Segment Start: Collected data
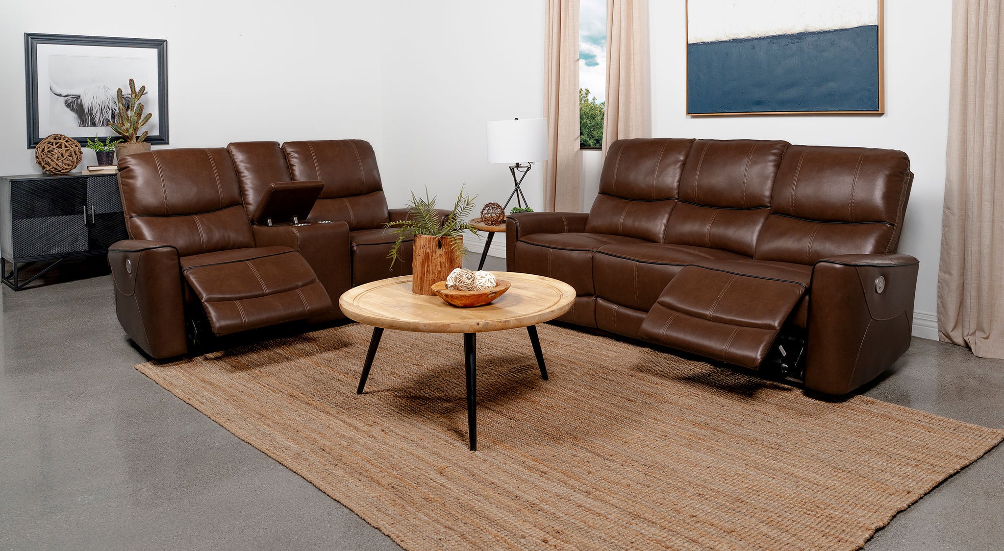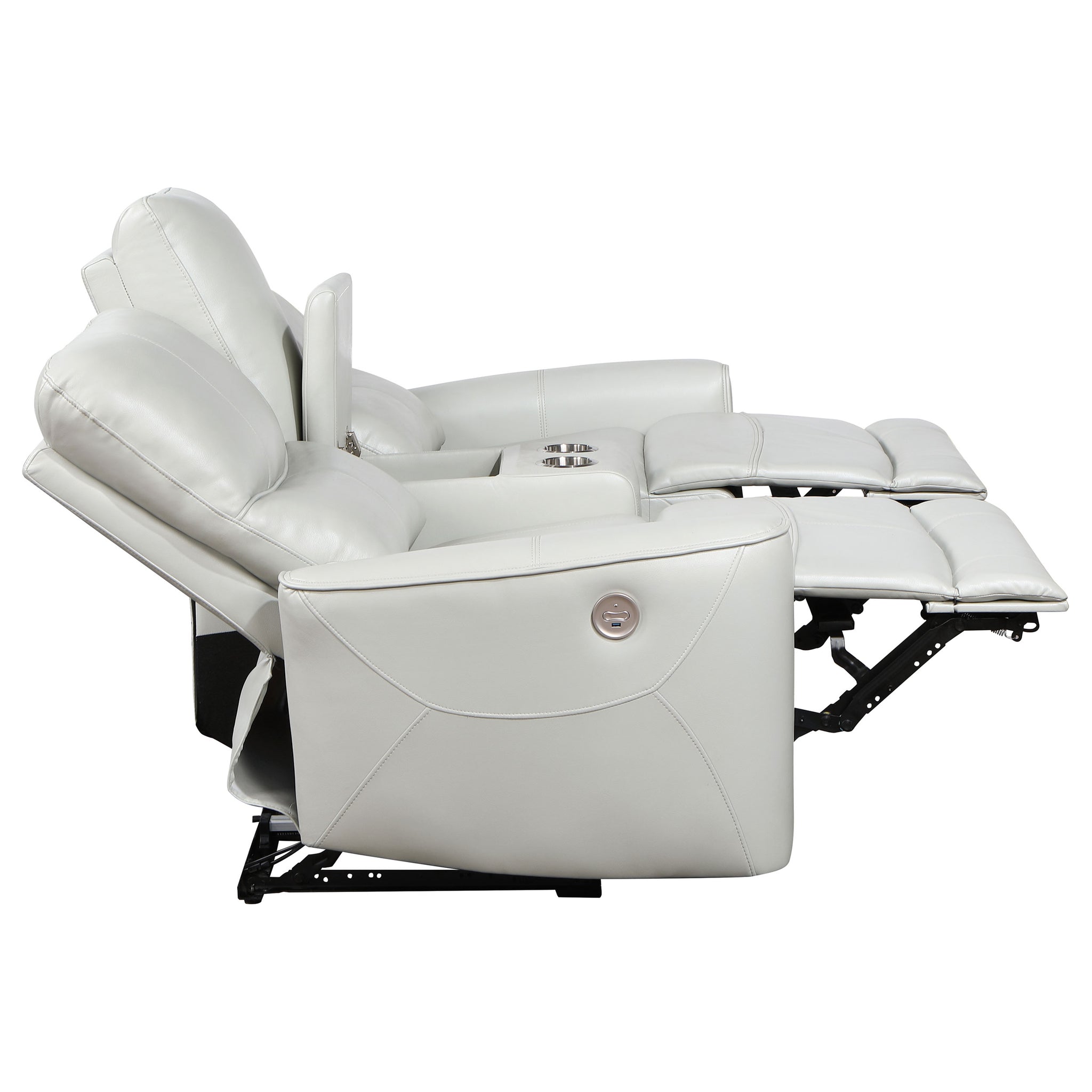 Contemporary elegance plays out in a clean, modern design as the two-piece power sofa set delivers beauty and comfort to a space reserved for easy entertaining and relaxing. Dove grey leatherette upholstery covers wood framing to provide a sturdy build, embellished with plump foam fill in tall, attached back cushions and supportive seat cushions. Embrace subtle tufting on this power sofa and loveseat set creating customized body positioning accessible at the touch of buttons on switch panels with convenient USB ports. Keep beverages within reach and store essentials in a center-mounted loveseat flip-top console and panel. This power set is all that's needed for a relaxing day or evening.
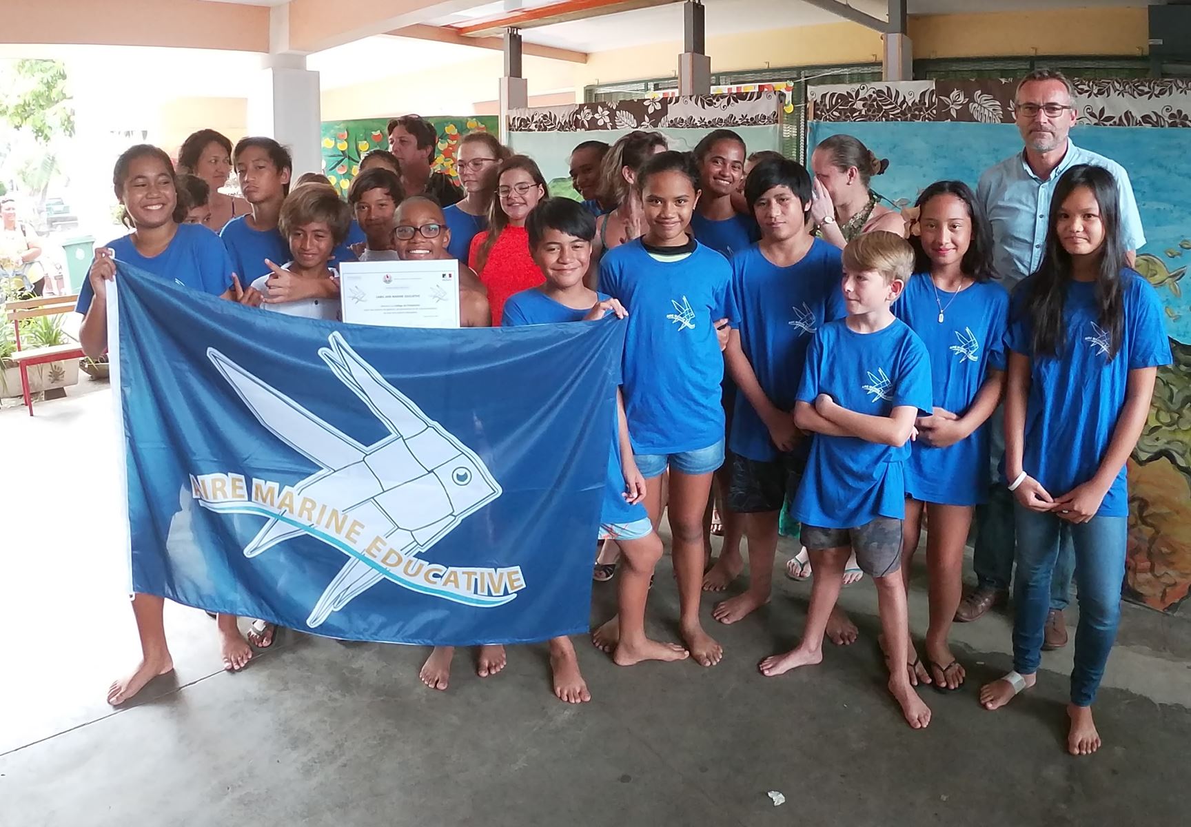 Candidats au Label AME 2019, les élèves de la classe de 6e 4 du collège de Punaauia, accompagnés de leurs professeurs de SVT, Français et Histoire-Géographie, Mesdames MOURIERRAS, TEHEIURA et LAYRLE ont été invitées pour l’occasion. Ils ont reçu leur récompense des mains des 2 experts AME, pour leurs travaux réalisés dans la gestion partagée de l’AME avec leurs collègues de 2+2=4. Ils font désormais partie de la Génération 4 du Réseau des Aires Marines Educatives de Polynésie.
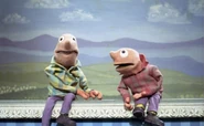 Hank and Frank were characters from Sam and Friends. They were abstract humanoid puppets with no hair and only eyes, a nose and a mouth. They took the roles of legendary news anchors Chet Huntley and David Brinkley in a spoof interview conducted by Kermit.
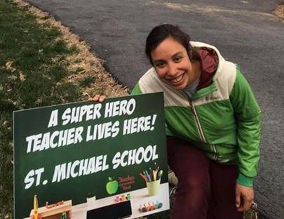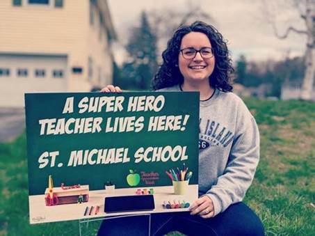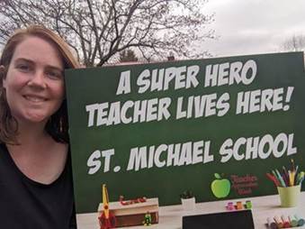 The Parents Association at St. Michael School in Augusta offered its support and gratitude during National Teacher Appreciation Week by posting “A Superhero Teacher Lives Here! St. Michael School” signs in the yards of its teachers during the week.
Segment End: Collected data
What is being asked:
The lines to write out are those from the first line of the listing above through the line bearing "Candidats au Label", both included, copied exactly with pictures dropped.

The completed task:
 Contemporary elegance plays out in a clean, modern design as the two-piece power sofa set delivers beauty and comfort to a space reserved for easy entertaining and relaxing. Dove grey leatherette upholstery covers wood framing to provide a sturdy build, embellished with plump foam fill in tall, attached back cushions and supportive seat cushions. Embrace subtle tufting on this power sofa and loveseat set creating customized body positioning accessible at the touch of buttons on switch panels with convenient USB ports. Keep beverages within reach and store essentials in a center-mounted loveseat flip-top console and panel. This power set is all that's needed for a relaxing day or evening.
 Candidats au Label AME 2019, les élèves de la classe de 6e 4 du collège de Punaauia, accompagnés de leurs professeurs de SVT, Français et Histoire-Géographie, Mesdames MOURIERRAS, TEHEIURA et LAYRLE ont été invitées pour l’occasion. Ils ont reçu leur récompense des mains des 2 experts AME, pour leurs travaux réalisés dans la gestion partagée de l’AME avec leurs collègues de 2+2=4. Ils font désormais partie de la Génération 4 du Réseau des Aires Marines Educatives de Polynésie.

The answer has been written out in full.